The only reason you could have for designing such a whimsical interface,
apart from obvious lack of experience in software design, is to encourage
daemon authors to use the sd_listen_fds_with_names() interface (and so,
link against libsystemd), because it's too painful to fully implement it
yourself as a daemon author - you have to handle the case when
LISTEN_FD_NAMES is set, the case when it's not set, etc. etc. Nobody in
their right mind would do that every time, so it's much easier to just
call sd_listen_fds_with_names(). One more piece of software that gets
patched just to work with systemd!

  Meanwhile, parsing LISTEN_FD_MAP is what, 15 lines of C code tops?

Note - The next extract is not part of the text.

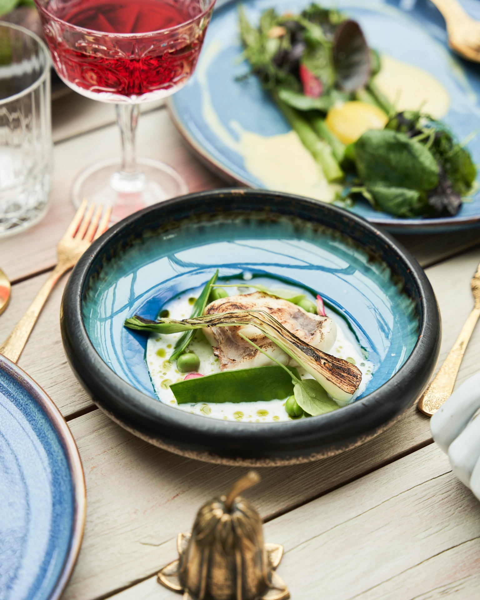 Grillowana dymka i małż św. Jakuba z groszkiem w kremowym sosie w niebieskiej ceramicznej misce, złote sztućce i kieliszek czerwonego wina

  Oh, and while we're at it, let's praise sd_listen_fd_with_names for
managing to allocate heap memory, that must be freed by the user, while
parsing LISTEN_FD_NAMES, just because it wants to provide an array of
null-terminated strings to the user. The user has to free *every single
element of the array* ! Congratulations guys, my daemon hasn't
even started running and it's already eating memory and performing
operations that can fail.

  Conclusion: it's definitely possible to design a WORSE interface to pass
fds to a daemon than LISTEN_FDS, but it would require some creative effort.
Do I want to support that interface, or help you support that interface?
Take a wild guess.


> Even better, kresd can now offer neat tricks like universal DNS
> resolution over a unix-domain datagram socket without any change to
> kresd at all, just an additional line in the ./run script:
> -unix:mode=0666:/run/kresd/query.socket \

  Again, I agree with the principle. I don't agree with your choice
of syntax (because it's a bit painful to programmatically generate) but
that's not important. What is important, however, is the interface you
use to tell daemons which fd is which; and I'm not exactly sold on
LISTEN_FDS. :P


> I'm afraid i don't see that here, sorry :/ All listen is doing is
> opening file descriptors and setting environment variables according to
> a simple convention.

  Yeah, sorry, I was wrong about that. The convention is still bad though.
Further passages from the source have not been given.